I know you’re laughing at the title, because I’ve heard that laugh before. The one that says “You’ll understand when you’re older.”

I heard that laugh a lot the time I grew a single strand of silver, courtesy of an upper management change at my job that made things unbearably stressful.

“This job is literally killing me!” I’d tell my friends. “I have a gray hair! I’M NOT SUPPOSED TO HAVE A GRAY HAIR!”

“Oh, it’ll have friends soon enough!” they said, laughing condescendingly. But I wasn’t upset because it was a sign of age. I was upset because it was a sign of overwhelming stress. My best friend plucked it because I wouldn’t shut up about it. Now I wish he had left it.

I’m about to turn 36, and that’s the only gray hair I’ve ever had. After I escaped from that job, it even grew back brown. My mother, at 56, has never even had one. Her mother didn’t go gray until the illness that took her life in her 70s. (My father’s side, for the record, goes salt-and-pepper in their 20s, so I know I don’t take after him.) It’s a “blessing” of genetics, but I’m starting to question how much of a blessing it is.

It doesn’t help that, regardless of my hair color, I looked 17 at 25 and now look 25 at 35. I live in a big college city and people constantly assume I’m a student. I spent most of my 20s trying to reassure people I was actually legal. I keep my driver’s license handy so I can whip it out as proof that I’m not a kid. A bouncer at a club once was intent on finding the flaw that proved my ID was fake or at the very least belonged to my older sister. A friend who I graduated high school with was, on multiple occasions, mistaken for my father. Another friend joked that he assumed anyone who dated me was a closet pedophile.

People always said I’d appreciate my youthful looks when I was older, but honestly, I’m still not seeing it.

Because looking much younger than you are — not just for a night out partying but every single day — really, really sucks. There’s a respect that comes with age that I don’t receive. I have an untraditional life — I’m a lesbian, I’m taking some single time after spending most of my life in serious relationships with men thanks to self-denial, and I just don’t want to have children. Maybe if I had some gray hairs, people who are even younger than me would stop telling me I’ll change my mind and want to settle down to have a family someday.

No, my sleep-all-day, work-all-night solo lifestyle is the result of conscious decisions based on many years of valid life experience and not just juvenile whim.

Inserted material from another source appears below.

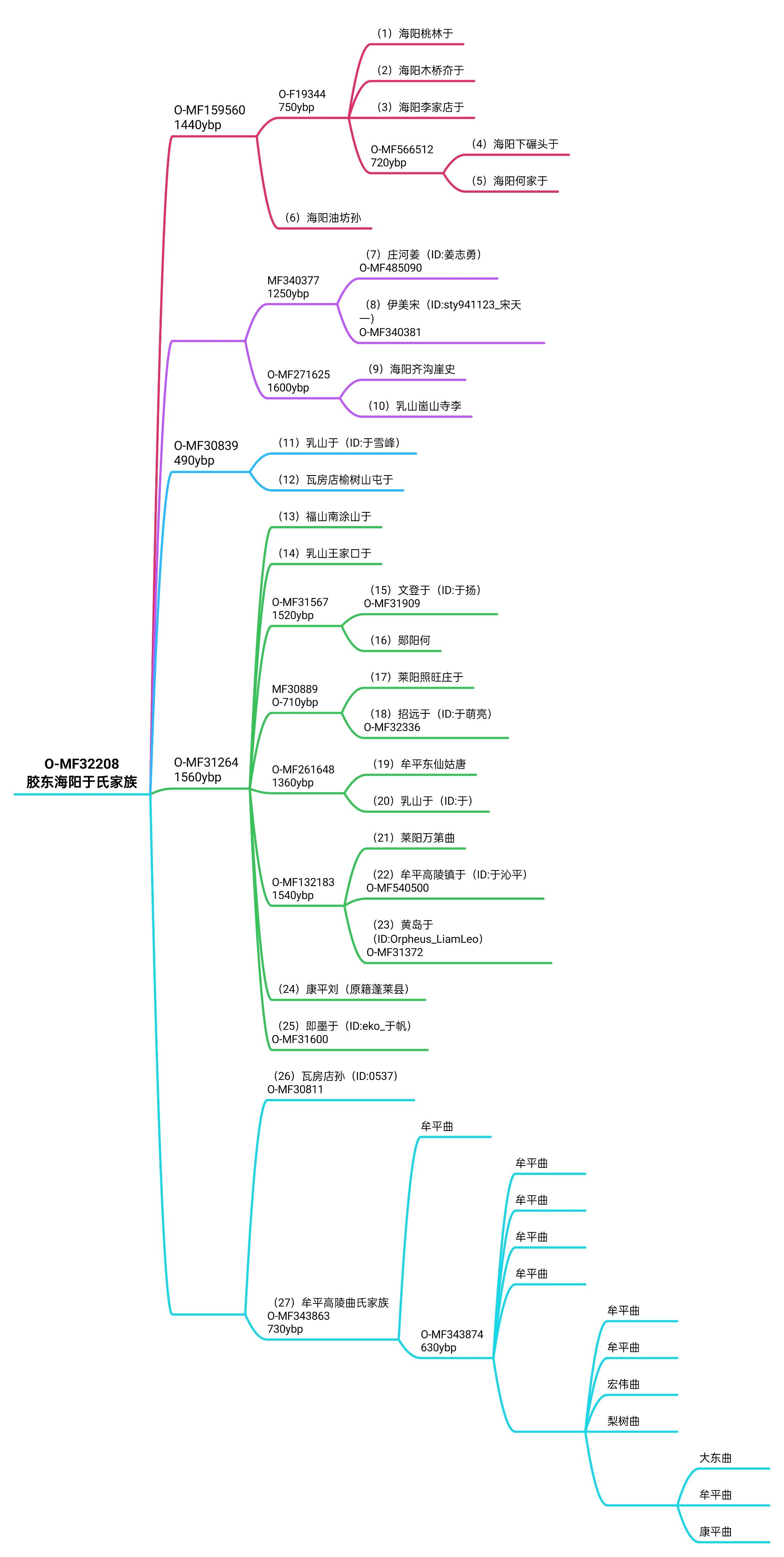 按数据库内样本看,O-MF32208支海阳于姓家族下除了分化出著族牟平高陵曲氏家族外,疑似还有几个具有相当规模且值得关注的家族簇,如海阳西北乡一支姜氏家族、海阳一支辛氏家族、泛胶东一支宋氏家族等,希望更多的好朋友参与细化这些姓氏家族。
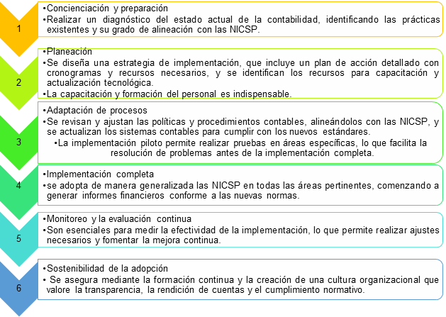 Para una adopción efectiva de las NICSP en las entidades del sector público, es esencial seguir un proceso estructurado que incluya las fases que se detallan en la figura 1:

And what do I get out of looking young? Being more attractive to younger men? I’m an introverted lesbian with an anxiety disorder. I’d much prefer to be occasionally taken seriously.

I could live with my baby face if I just had some gray hair to offset it. Most people who look younger than they are eventually get that much to balance it out. But not me. I’m “blessed” with a lifetime of not being taken seriously, of having my choices dismissed, of even getting passed up for promotions because of vague claims that I wasn’t respected enough. Nature, throw me a bone here!

I know a lot of people, especially women, hate going gray. But I for one could really go for some of that visible aging right about now.

J. J. Ulm is a fiction writer living in Ohio.